Islam mengajarkan biar manusia mengorganisir dunia dan menjadikannya sebagai “majra’at al-alam baka” atau ladang akhirat. Islam memerintahkan umatnya untuk mempersiapkan era depan sebagai bagian tidak terpisahkan dari bertaqwa (QS Al-Hasyr: 18), bahkan umat ditugaskan untuk melakukan pergantian nasib dengan ikhtiar karena “Allah tidak akan mengganti nasib suatu kaum kecuali kaum itu sendiri yang menggantinya” (QS ArRa’d: 11).

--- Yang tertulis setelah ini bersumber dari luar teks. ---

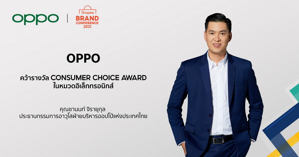 ออปโป้ นำโดย คุณชานนท์ จิรายุกุล ประธานกรรมการอาวุโสฝ่ายบริหาร ออปโป้แห่งประเทศไทย เป็นตัวแทนรับรางวัล Consumer Choice Award ในงาน Shopee Brand Conference 2021 ที่จัดขึ้นแบบ Virtual ผ่านระบบไลฟ์สตรีมมิ่ง ในวันที่ 5 สิงหาคมที่ผ่านมา โดยรางวัลดังกล่าวได้สะท้อนให้เห็นถึงความเป็นที่นิยมของแบรนด์ออปโป้ในหมู่นักช้อปออนไลน์ชาวไทย ทั้งยังตอกย้ำความเป็นผู้นำอันดับหนึ่งของแบรนด์สมาร์ทโฟนในไทย ที่มีความมุ่งมั่นในการส่งมอบนวัตกรรมและเทคโนโลยีสุดล้ำที่ตอบสนองไลฟ์สไตล์และความต้องการของผู้บริโภคได้อย่างตรงจุด และสามารถมอบประสบการณ์การช้อปปิ้งออนไลน์ที่ดีที่สุด ผ่านผลิตภัณฑ์ที่หลากหลาย และโปรโมชันที่โดนใจ จนได้รับการไว้วางใจให้เป็นแบรนด์สมาร์ทโฟนที่ได้รับเสียงตอบรับที่ดีจากลูกค้าชาวไทยได้อย่างต่อเนื่อง
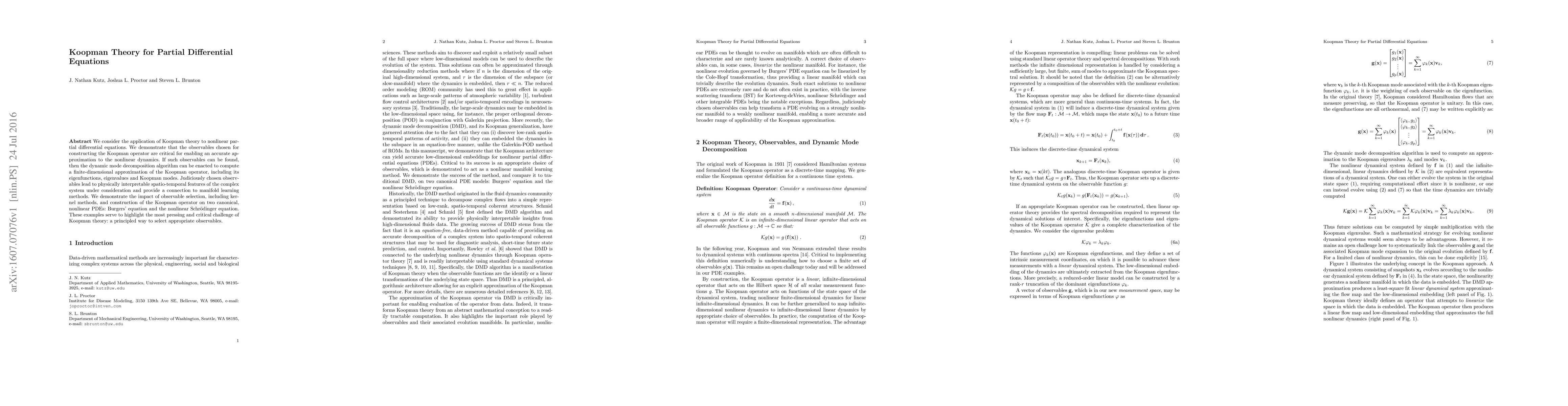 This paper explores the use of Koopman theory to approximate nonlinear dynamics in partial differential equations (PDEs) by constructing a Koopman operator from carefully chosen observables. The study emphasizes the importance of selecting appropriate observables to achieve accurate and interpretable approximations, demonstrating this through dynamic mode decomposition on Burgers' and nonlinear Schrödinger equations.
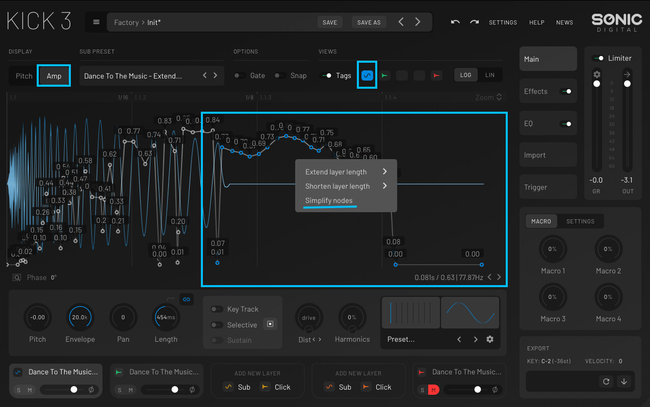 Then after analysis, isolate the Sub Layer and it’s waveform view and go to the AMP curve, select the nodes you’d like to adjust, right click on the background and you’ll get the “Simplify Nodes” tool.
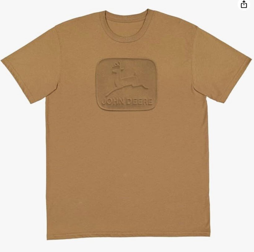 Ruskea perusmallinen T-paita, jossa rinnassa John Deere koholla oleva logo-painatus.
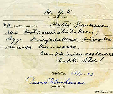 Meitä villejä teinejä ei pidetty kurissa (?) ja nuhteessa vain koulun julkisissa tiloissa ja välitunneilla, vaan opettajien Gestapo iski myös ”intiimitiloihimme” eli koulun ala-aulassa sijaitseviin kirja- yms. privaatti-kamalokeroihimme. Tässä näyte eräästä kotimuistutuksesta. Matti sai sen keväällä 1953 luokanvalvojaltaan Erkki Etelältä, joka oli kyllä muuten herkkä, huumorintajuinen ja mukava mies, mutta aljan, jomman ja trigonometrian hän otti ikävä kyllä haudanvakavasti! |
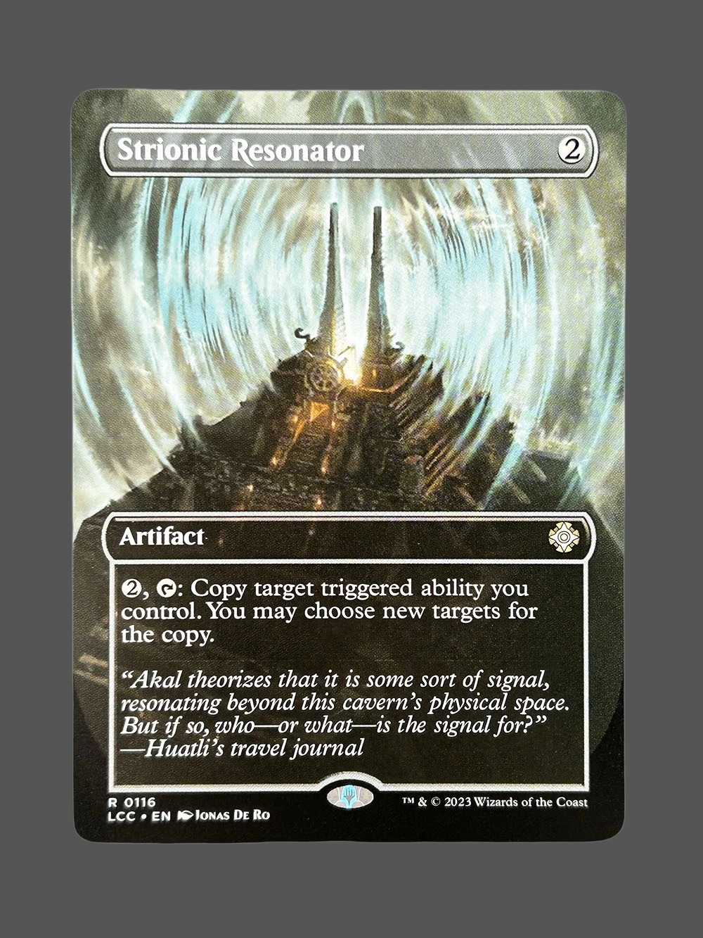 Looking for a high-quality Strionic Resonator proxy? This Holo proxy from Lost Caverns of Ixalan (LCC) is an Artifact that lets you copy a triggered ability you control, with the option to choose new targets. Ideal for players who want to test powerful combos or playtest decks without spending on originals. Printed with precision and care, this proxy delivers authentic gameplay experience.
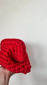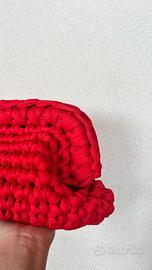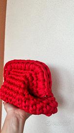 Clutch bag di colore rosso, realizzato interamente a mano.

Muslim tidak boleh melalaikan dunia, sebaliknya mengurus untuk menjangkau kebahagiaan infinit di darul baka dengan tindakan baik sebagaimana firman Allah dalam Al-Alquran:
Artinya: Dan carilah pada apa yang telah dianugerahkan Allah kepadamu (kebahagiaan) negeri alam baka, dan janganlah kau melupakan bahagianmu dari (kenikmatan) duniawi dan berbuat oke (terhadap orang lain) sebagaimana Allah sudah berbuat baik, kepadamu, dan janganlah kau berbuat kerusakan di (muka) bumi. Sesungguhnya Allah tidak menyukai orang-orang yang berbuat kerusakan (QS Al-Qashash: 77).
Karena itu menjadi suatu kewajiban umatnya biar Islam didakwahkan sehingga menjadi tata cara kehidupan yang utama bagi peradaban umat manusia. Kewajiban berdakwah itu ialah tanggungjawab eksklusif sekaligus kolektif, sehingga setiap muslim harus merasa terpanggil untuk melakukannya dengan lapang dada dan niat beribadah tanpa paksaan. Kewajiban dakwah Islam itu diperintahkan Allah dalam Al-Quran sebagaimana firman-Nya:
Artinya: Dan hendaklah ada di antara kamu segolongan umat yang menyeru kepada kebajikan, menyuruh terhadap yang ma’ruf dan mencegah dari yang munkar; merekalah orang-orang yang mujur (QS Ali Imran: 104).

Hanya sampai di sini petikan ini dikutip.